I'd expect pirate TV stuff to be mainly available through mail order, it's surprising you can buy it off the shelf at big box stores like Best Buy. I wonder how they weighed the income they'd get from stocking pirate TV boxes vs. how it would negatively impact their relationships with TV and streaming providers.
Trusting a random vendor, even on your home network, seems crazy. But how do you secure a home network? Are we all supposed to be running Nagios, Grafana, Splunk, and have a personal CISO?
Is there some software I can run on my OpenWrt to detect suspicious traffic?

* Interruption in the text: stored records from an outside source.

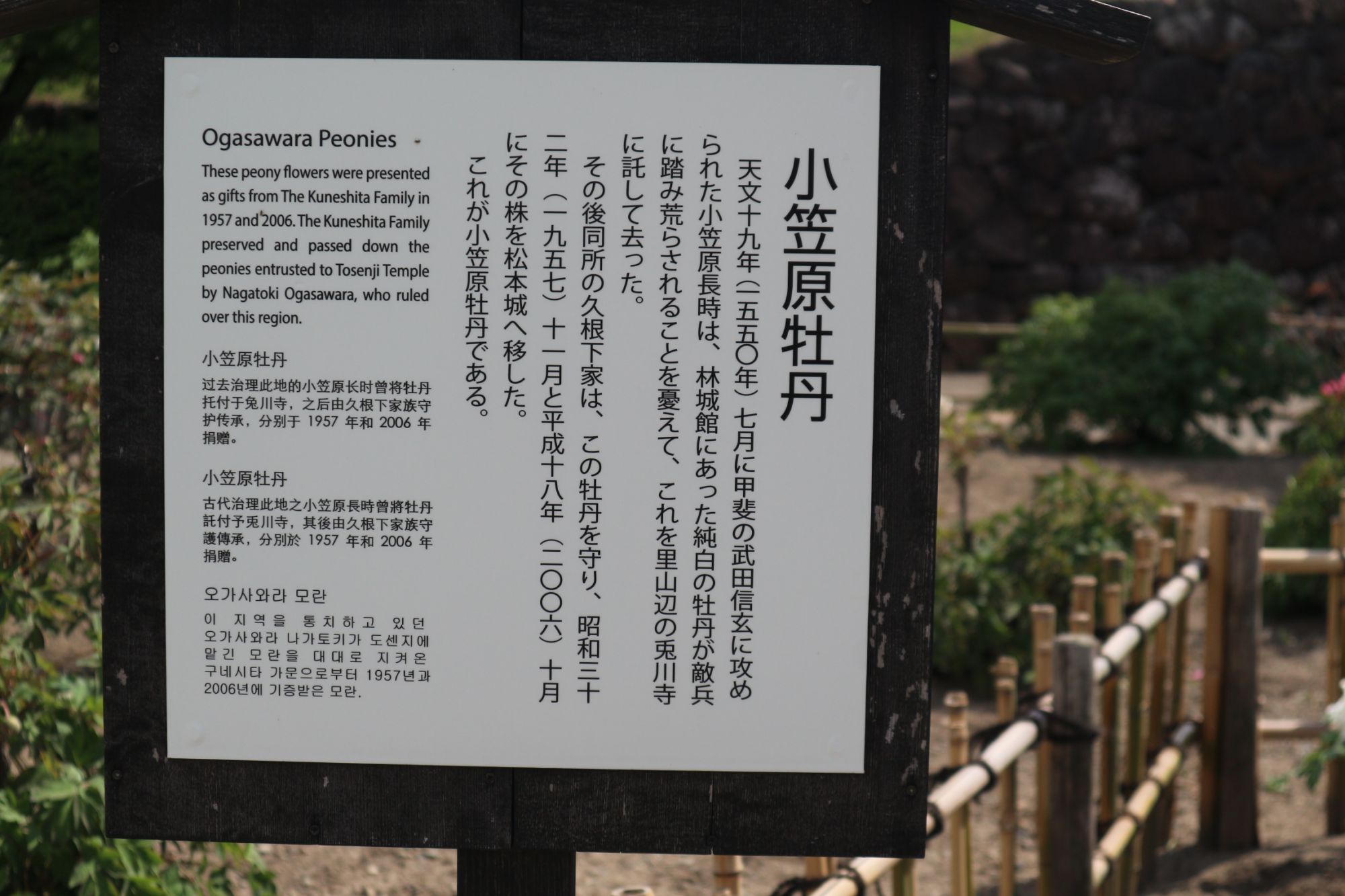 その後同所の久根下家は、この牡丹を守り、昭和三二年(一九五七年)十一月と平成十八年(二〇〇六)一〇月にその株を松本城に移した。
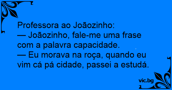 — Joãozinho, fale-me uma frase com a palavra capacidade.
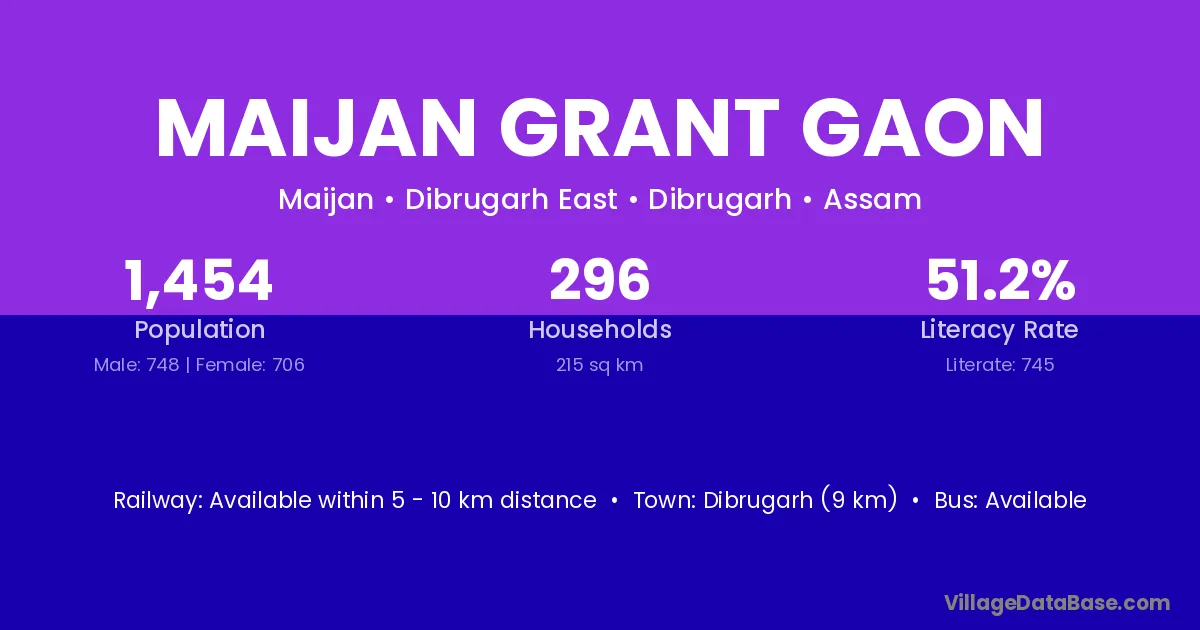 Dibrugarh (9 km) is the nearest town to Maijan Grant Gaon village for major economic activities and is located approximately 9 km away.
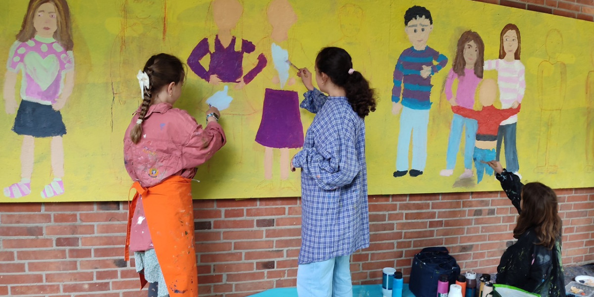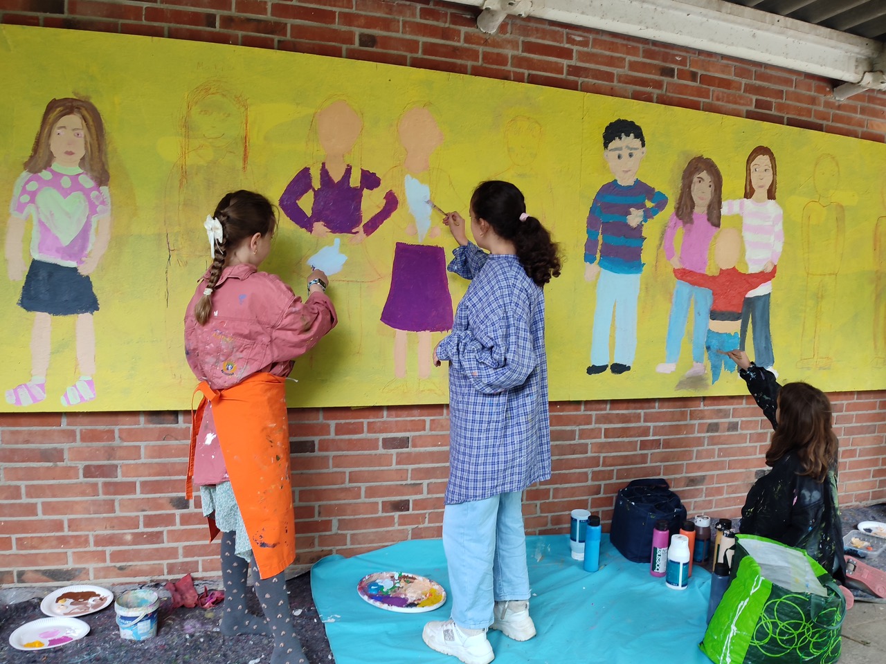 2. Phase (zweite fünf Monate): Arbeit mit Kindern der 3. Klassen. Hier lag der Schwerpunkt auf dem Erlernen und Darstellen der menschlichen Figur – Proportionen, Gesicht, Hände und Füße. Zunächst entstanden kleinere Zeichnungen und Malereien, anschließend konnten die Kinder ihre Figuren auch in Lebensgröße umsetzen. Etwa zwei Drittel der beiden 3. Klassen nahmen dieses Angebot wahr und verewigten sich mit großformatigen Figurenbildern auf einer rund 1 x 9 Meter großen Außenwand in der Nähe ihrer Klassenräume. Dieses Gemeinschaftswerk wurde zum sichtbaren Ausdruck der Kreativität und des Selbstbewusstseins der Kinder.
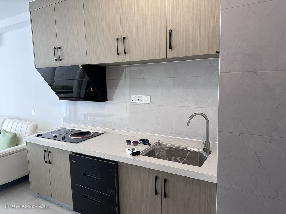 一进门的玄关走廊划分为厨房区域,一字型的橱柜不占太多的空间,木色+白色的配色,一个耐看迷你的小厨房,对于独居的人,完全够用啦
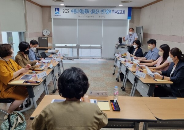 수원시는 18일 시청 소회의실에서 ‘여성 폭력 실태조사 학술용역 착수보고회’를 열고 실태조사 방향·방법 등을 논의했다.
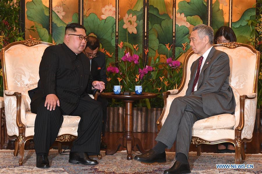 Singaporean Prime Minister Lee Hsien Loong (R) meets with Kim Jong Un, chairman of the Workers' Party of Korea (WPK) and chairman of the State Affairs Commission of the Democratic People's Republic of Korea (DPRK), in Singapore, on June 10, 2018. (Xinhua/Then Chih Wey)
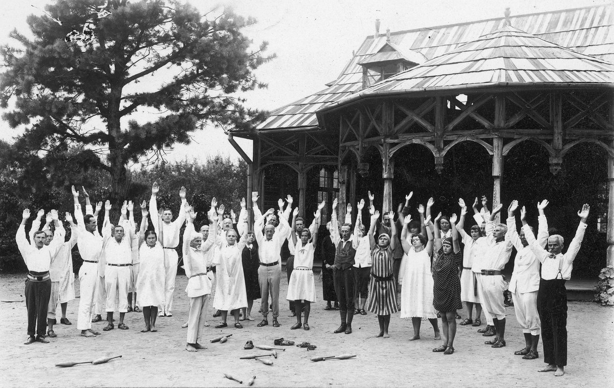 Poranna gimnastyka w lecznicy dr. Apolinarego Tarnawskiego w Kosowie Huculskim
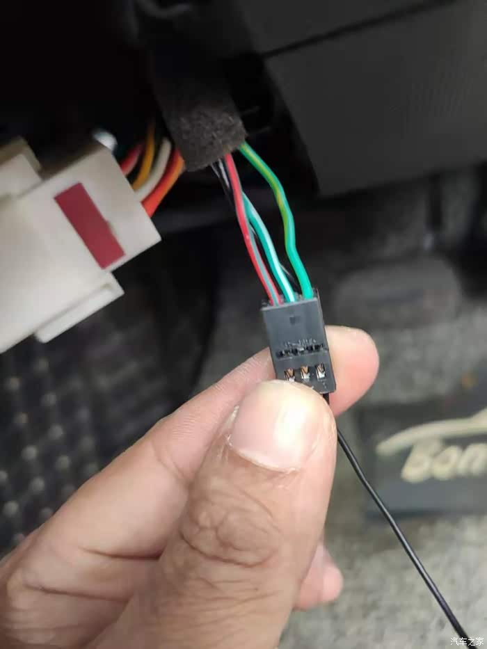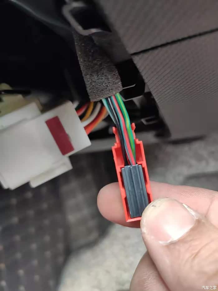 去掉卡扣后的线序,两根开关信号线,一根是灯光正极,一根是灯光负极,自己摸索不难
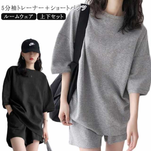 トレーナー ルームウェア 無地 ショートパンツ レディース tシャツ 5分袖 半袖 セットアップ ルームウェア 短パン パジャマ 部屋着 夏 ゆったり オーバーサイズ 韓国風 スウェット リラックスウェア ナイトウェア 寝間着 シンプル 大人可愛い おしゃれ 春夏
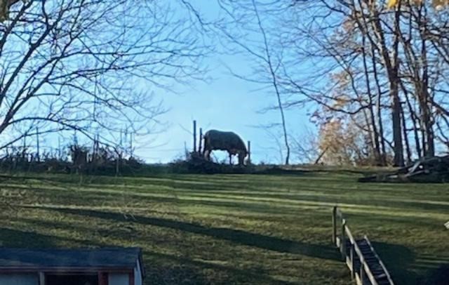 One of the horses was out in the pasture nibbling this afternoon. It was sunny but cool. I was hoping to rake some leaves but it was a bit windy for that. Maybe Saturday!
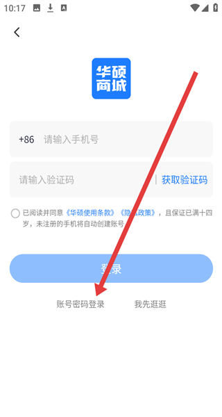 3、在登錄選擇頁面點擊“賬號密碼登錄”,進入賬號密碼登錄頁面。
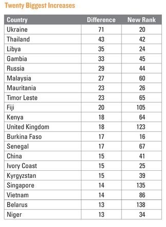 Таким образом, Украина показала наибольший рост среди потенциально проблемных стран в данном контексте, обогнав в рейтинге, к примеру, Северную Корею (51 место), Ливию (24 место) и Анголу (30 место). Ближайшими соседями Украины по рейтингу оказались Индия (19 место) и Руанда (21 место).
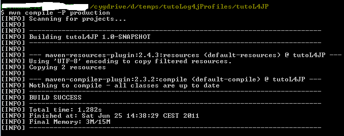 /cygdrive/d/temps/tutoLog4jProfiles/tutoL4JP $ mvn exec:java -Dexec.mainClass=com.tutoLog4JProfiles.App [INFO] Scanning for projects... [INFO] [INFO] ------------------------------------------------------------------------ [INFO] Building tutoL4JP 1.0-SNAPSHOT [INFO] ------------------------------------------------------------------------ [INFO] [INFO] >>> exec-maven-plugin:1.2:java (default-cli) @ tutoL4JP >>> [INFO] [INFO] <<< exec-maven-plugin:1.2:java (default-cli) @ tutoL4JP <<< [INFO] [INFO] --- exec-maven-plugin:1.2:java (default-cli) @ tutoL4JP --- Counter = 1 2011-06-25 14:10:52,849 com.tutoLog4JProfiles.App DEBUG - App message with DEBUG level 2011-06-25 14:10:52,876 com.tutoLog4JProfiles.App INFO - App message with INFO level 2011-06-25 14:10:52,877 com.tutoLog4JProfiles.App WARN - App message with WARN level 2011-06-25 14:10:52,878 com.tutoLog4JProfiles.App ERROR - App message with ERROR level 2011-06-25 14:10:52,878 com.tutoLog4JProfiles.App FATAL - App message with FATAL level Counter = 2 2011-06-25 14:10:52,879 com.tutoLog4JProfiles.App DEBUG - App message with DEBUG level 2011-06-25 14:10:52,880 com.tutoLog4JProfiles.App INFO - App message with INFO level 2011-06-25 14:10:52,880 com.tutoLog4JProfiles.App WARN - App message with WARN level 2011-06-25 14:10:52,881 com.tutoLog4JProfiles.App ERROR - App message with ERROR level 2011-06-25 14:10:52,881 com.tutoLog4JProfiles.App FATAL - App message with FATAL level Counter = 3 2011-06-25 14:10:52,882 com.tutoLog4JProfiles.App DEBUG - App message with DEBUG level 2011-06-25 14:10:52,882 com.tutoLog4JProfiles.App INFO - App message with INFO level 2011-06-25 14:10:52,883 com.tutoLog4JProfiles.App WARN - App message with WARN level 2011-06-25 14:10:52,883 com.tutoLog4JProfiles.App ERROR - App message with ERROR level 2011-06-25 14:10:52,884 com.tutoLog4JProfiles.App FATAL - App message with FATAL level Counter = 4 2011-06-25 14:10:52,885 com.tutoLog4JProfiles.App DEBUG - App message with DEBUG level 2011-06-25 14:10:52,886 com.tutoLog4JProfiles.App INFO - App message with INFO level 2011-06-25 14:10:52,887 com.tutoLog4JProfiles.App WARN - App message with WARN level 2011-06-25 14:10:52,887 com.tutoLog4JProfiles.App ERROR - App message with ERROR level 2011-06-25 14:10:52,887 com.tutoLog4JProfiles.App FATAL - App message with FATAL level Counter = 5 2011-06-25 14:10:52,888 com.tutoLog4JProfiles.App DEBUG - App message with DEBUG level 2011-06-25 14:10:52,889 com.tutoLog4JProfiles.App INFO - App message with INFO level 2011-06-25 14:10:52,889 com.tutoLog4JProfiles.App WARN - App message with WARN level 2011-06-25 14:10:52,890 com.tutoLog4JProfiles.App ERROR - App message with ERROR level 2011-06-25 14:10:52,890 com.tutoLog4JProfiles.App FATAL - App message with FATAL level Counter = 6 2011-06-25 14:10:52,891 com.tutoLog4JProfiles.App DEBUG - App message with DEBUG level 2011-06-25 14:10:52,909 com.tutoLog4JProfiles.App INFO - App message with INFO level 2011-06-25 14:10:52,910 com.tutoLog4JProfiles.App WARN - App message with WARN level 2011-06-25 14:10:52,910 com.tutoLog4JProfiles.App ERROR - App message with ERROR level 2011-06-25 14:10:52,911 com.tutoLog4JProfiles.App FATAL - App message with FATAL level Counter = 7 2011-06-25 14:10:52,913 com.tutoLog4JProfiles.App DEBUG - App message with DEBUG level 2011-06-25 14:10:52,913 com.tutoLog4JProfiles.App INFO - App message with INFO level 2011-06-25 14:10:52,914 com.tutoLog4JProfiles.App WARN - App message with WARN level 2011-06-25 14:10:52,914 com.tutoLog4JProfiles.App ERROR - App message with ERROR level 2011-06-25 14:10:52,914 com.tutoLog4JProfiles.App FATAL - App message with FATAL level Counter = 8 2011-06-25 14:10:52,924 com.tutoLog4JProfiles.App DEBUG - App message with DEBUG level 2011-06-25 14:10:52,924 com.tutoLog4JProfiles.App INFO - App message with INFO level 2011-06-25 14:10:52,925 com.tutoLog4JProfiles.App WARN - App message with WARN level 2011-06-25 14:10:52,926 com.tutoLog4JProfiles.App ERROR - App message with ERROR level 2011-06-25 14:10:52,926 com.tutoLog4JProfiles.App FATAL - App message with FATAL level Counter = 9 2011-06-25 14:10:52,928 com.tutoLog4JProfiles.App DEBUG - App message with DEBUG level 2011-06-25 14:10:52,928 com.tutoLog4JProfiles.App INFO - App message with INFO level 2011-06-25 14:10:52,928 com.tutoLog4JProfiles.App WARN - App message with WARN level 2011-06-25 14:10:52,929 com.tutoLog4JProfiles.App ERROR - App message with ERROR level 2011-06-25 14:10:52,929 com.tutoLog4JProfiles.App FATAL - App message with FATAL level [INFO] ------------------------------------------------------------------------ [INFO] BUILD SUCCESS [INFO] ------------------------------------------------------------------------ [INFO] Total time: 1.681s [INFO] Finished at: Sat Jun 25 14:10:52 CEST 2011 [INFO] Final Memory: 4M/15M [INFO] ------------------------------------------------------------------------
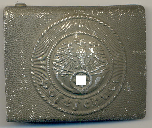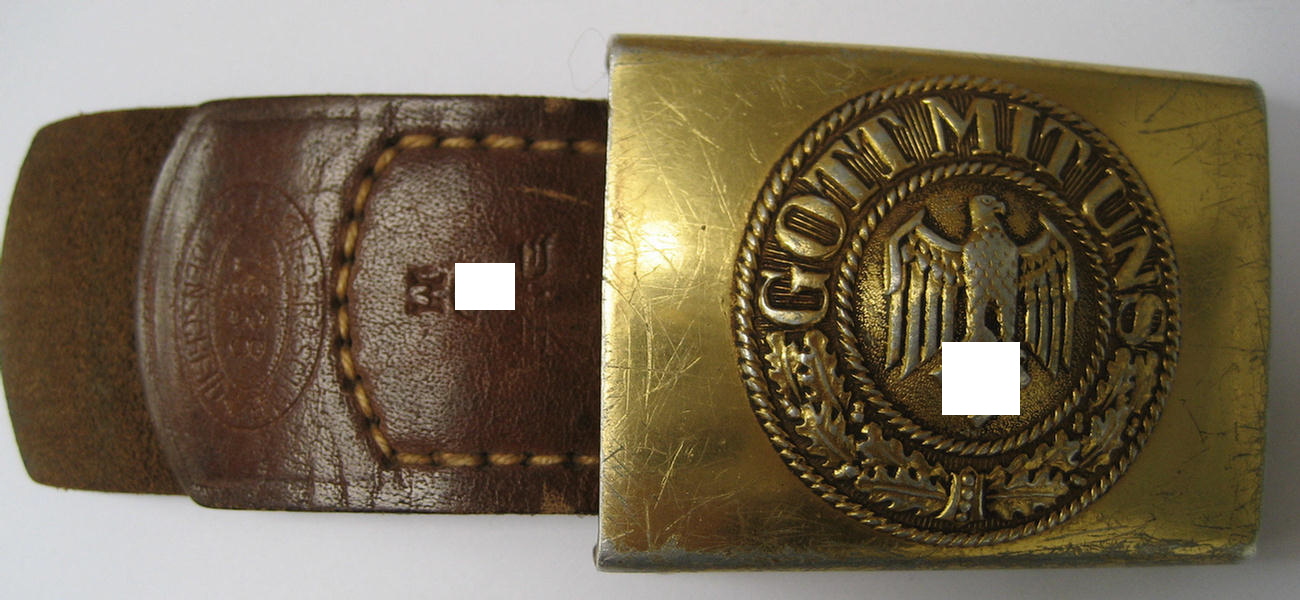 This is a very difficult and scarce buckle to find: a WH ('Kriegsmarine') golden aluminium buckle with leather tab by the company of 'R.Sieper und Söhne' (= 'R.S.S.') IMO the only producer of this type of buckle. The buckle is clearly used but still has a fair bit of its golden finish remaining and is in great shape. The buckle bears the company logo 'R.S. & S. as is the leather tab. The tab is dated: '1938' and also bears a KM 'Abnahme' stamp (M over the eagle), something that is not often encountered! The buckle is expensive but worth its money: it will be hard to find a better example for a better price!
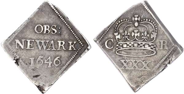 Charles I (1625-1649), Newark siege halfcrown, 1646, issued on a lozenge shaped flan.

I guess the big problem here is analysis, because a modern home network moves a massive amount of traffic, to many endpoints.
At the very least it seems critical to treat such android devices as a hostile device on a segmented network (Guest network, or dedicated IoT Network).
Don't love the scare title, but particularly don't love the inclusion of "Android TV," which has gone back-and-forth with "Google TV" as the brand name for Google's smart TV experience. (Even Wikipedia has a hard time following the chronology: https://en.wikipedia.org/wiki/Google_TV_(operating_system), https://en.wikipedia.org/wiki/Android_TV#Google_TV_interface)
The title makes it sound like the TV you bought at Best Buy might be part of a botnet. The article is about some drop-shipped piracy-box.